The timing matters. Turkey's Cultural Heritage Digitisation Programme, a joint initiative between the Ministry of Culture and Tourism and municipal governments, set a July 2026 benchmark for participating cities to have clean, deduplicated master archives ready for integration into a national portal. Istanbul, as the country's largest contributor of heritage imagery, carries the heaviest load. The Kahramanmaraş earthquakes of February 2023 sharpened everyone's appetite for robust digital backups of irreplaceable historical sites — and exposed how disorganised many of those backups actually were.

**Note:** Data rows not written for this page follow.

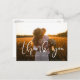 Mit dieser individuell gestaltbaren Fotokarte bedanken Sie sich für Ihre Anwesenheit und die schönen Geschenke. Fügen Sie einfach Ihr Lieblings-Hochzeitsbild hinzu, ändern Sie die Farben und schreiben Sie Ihre eigene Dankeschön-Nachricht.
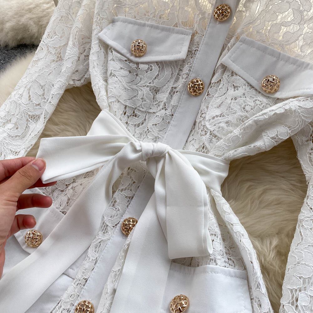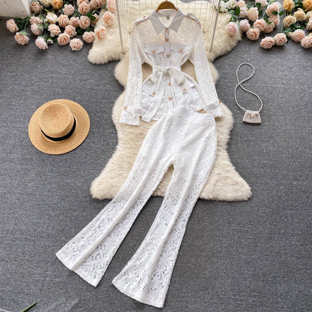 Chic high-end lace suit women's lace-up waist long-sleeved shirt high-waisted slim flared pants temperament two-piece suit ロング レッド レース スリム レースアップ lyxaj25892193974
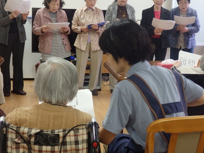 本日の唄の会レクリエーションでは秋の歌を中心に皆さまと唄いました。
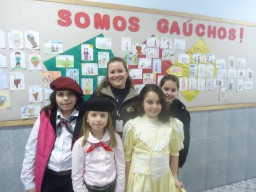 Apresentação da Invernada Mirim do DTG Tertúlia, declamações, a história da nossa bandeira, músicas, vídeos, lendas gaúchas e a história da nossa bebida típica - O Chimarrão foram apresentadas ao nossos alunos. Ah! e também não faltou o gostoso café campeiro. Confira nas fotos.
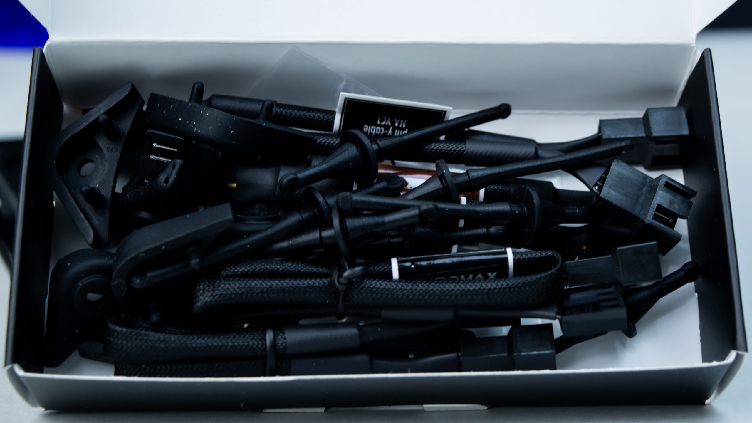 بينما يحتوي صندوق الأدوات على الملحقات منها كابل ذات حرف Y الذي يعمل على ربط أكثر من مروحة في نفس الوقت، مع تواجد بعض القواعد للمروحة طبقا لـ المكان التي سيتم تركيبها فيه، مع تواجد المسامير، مع تواجد بعض الكابلات الخاصة بـ تقليل الضوضاء، وإطالة سلك المروحة لتسهيل عملية التركيب.

Where the Problem Runs Deepest
Two institutions in particular have emerged as focal points this week. The İstanbul Araştırmaları Enstitüsü — the Istanbul Research Institute, based in Beyoğlu on Meşrutiyet Caddesi — is working through a catalogue that staff have been building since the mid-1990s. Decades of scanning campaigns, often conducted by different contractors using different file-naming conventions, left the archive with significant duplication: multiple scans of the same Ottoman-era photograph filed under different accession numbers and stored in different folder hierarchies. The institute is using open-source deduplication software this week to flag matches before human reviewers make final calls on which version to keep.
Across the Golden Horn, the Fatih Municipality's Tarihi Yarımada (Historic Peninsula) documentation unit is facing a parallel challenge with drone survey imagery collected between 2021 and 2025 across the Sultanahmet and Beyazıt districts. Each survey season produced overlapping flight paths, and compressed preview files were frequently saved alongside full-resolution originals in the same folders without clear labelling. Staff are now manually reviewing flagged batches — a slow process that the unit's working schedule, reviewed by this reporter, shows is running at roughly 1,200 files cleared per working day.

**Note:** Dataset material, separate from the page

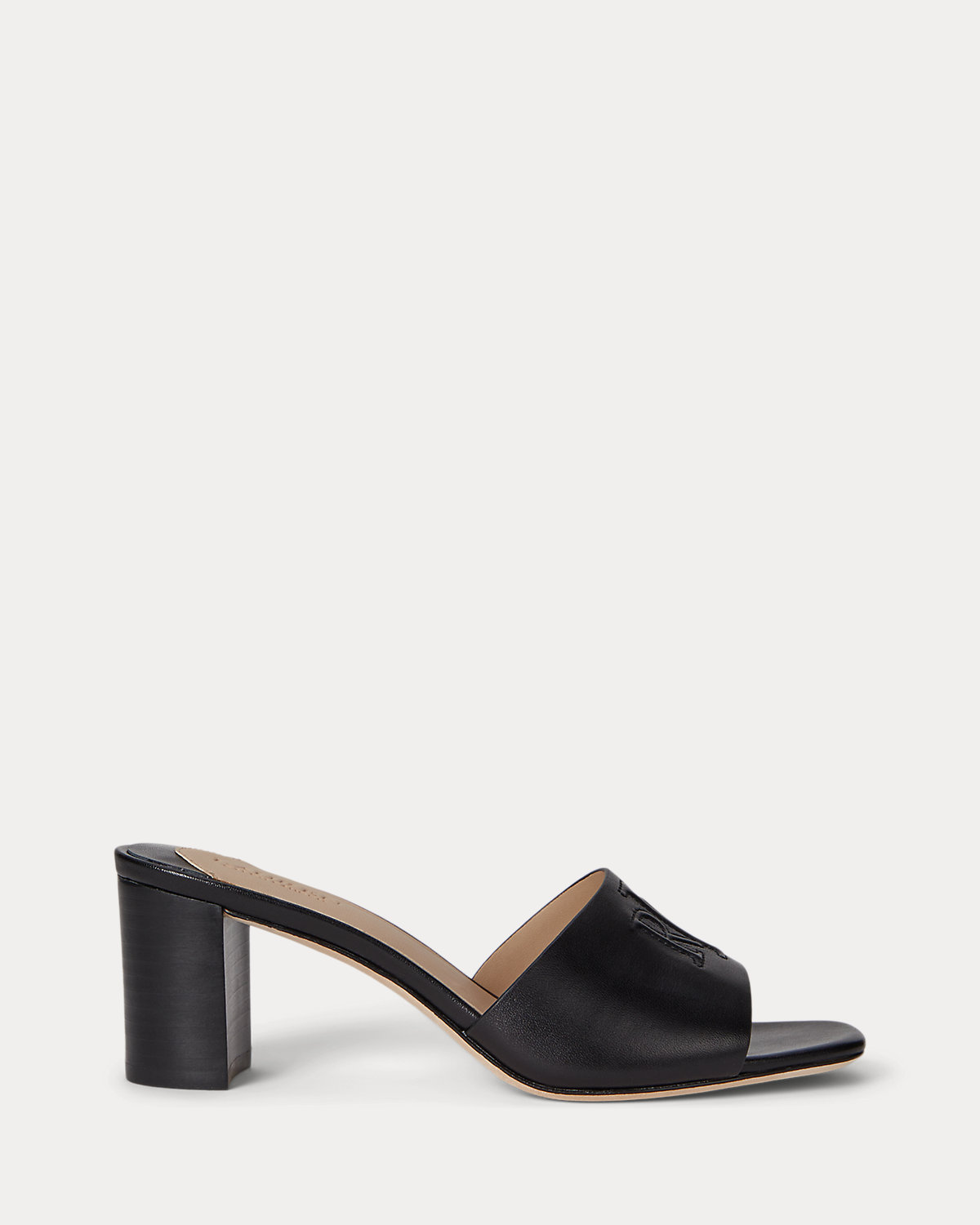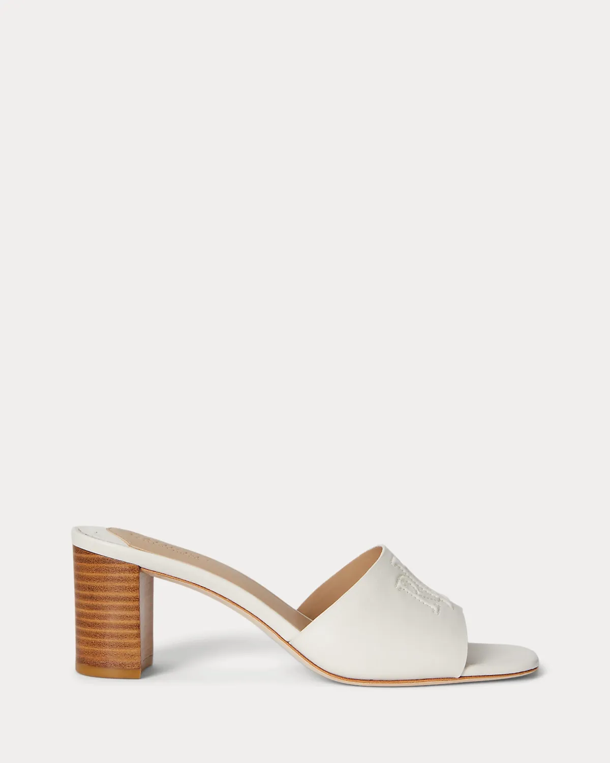 Part of Lauren’s Everley collection, this sumptuous calfskin sandal features a 60-mm block heel, an “LRL” bombé logo at the vamp, and slip-on styling. A leather-lined padded footbed offers a luxurious feel and all-day comfort.

The financial dimension is real. Cloud storage costs in Turkey have risen sharply alongside the lira's sustained depreciation. Municipal IT budgets priced in lira are buying meaningfully less dollar- or euro-denominated server capacity than they were two years ago. Duplicate files are not a bureaucratic nuisance; they are a line item. Industry estimates published by the Ankara-based tech consultancy firm Bilişim Araştırma Merkezi in May 2026 put unnecessary storage costs from unmanaged duplication across Turkish public-sector archives at roughly 47 million lira annually — a figure that, at current exchange rates, represents several million euros of avoidable expenditure.
What Comes Next for Institutions and the Public
Both institutions expect to complete initial deduplication passes before the end of July. After that, the cleaned archives are due to be submitted to the national portal's staging environment for cross-referencing — a process that will itself surface further duplicates when Istanbul's records are matched against holdings from İzmir, Bursa, and Ankara.
For researchers and members of the public who use the Istanbul Metropolitan Municipality's open-access image library — available through the IBB's digital portal — the practical consequence should be a faster, better-organised search experience by autumn. Photographs of landmarks from Kapalıçarşı to the Galata Tower have historically appeared multiple times in search results, in varying resolutions, sometimes with conflicting caption information. The cleanup is designed to resolve that.
Institutions holding physical photograph collections and planning to submit digital scans to any municipal or national programme would be well advised to adopt consistent file-naming protocols before scanning begins, rather than attempting deduplication after the fact. The lesson from this week's audit is straightforward: redundancy is far cheaper to prevent than to untangle.